Exercise: Your copy of the listing should be exact and should contain no pictures.

Exercise data:
»»

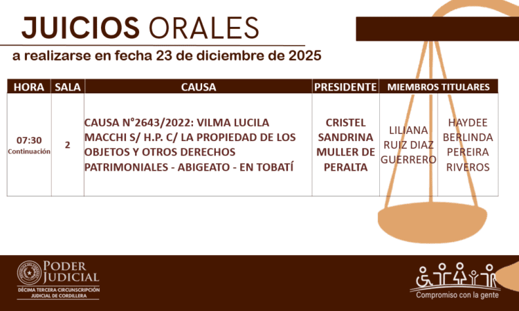 En cumplimiento a las decisiones del Consejo de Superintendencia de la Corte Suprema de Justicia, la Circunscripción Judicial de Cordillera da a conocer el calendario de juicios orales establecido para hoy 23 de diciembre del año 2025.
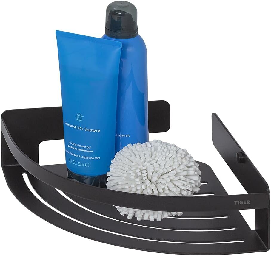 Tiger Duschkorb Caddy Eckversion gross, Duschablage aus Edelstahl, Schwarz pulverbeschichtet Schwarz
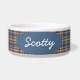 Xadrez marrom e azul bonito com uma placa conhecida azul. Personalize-a com seu nome de animal de estimação.

««

Response area:
 En cumplimiento a las decisiones del Consejo de Superintendencia de la Corte Suprema de Justicia, la Circunscripción Judicial de Cordillera da a conocer el calendario de juicios orales establecido para hoy 23 de diciembre del año 2025.
 Tiger Duschkorb Caddy Eckversion gross, Duschablage aus Edelstahl, Schwarz pulverbeschichtet Schwarz
 Xadrez marrom e azul bonito com uma placa conhecida azul. Personalize-a com seu nome de animal de estimação.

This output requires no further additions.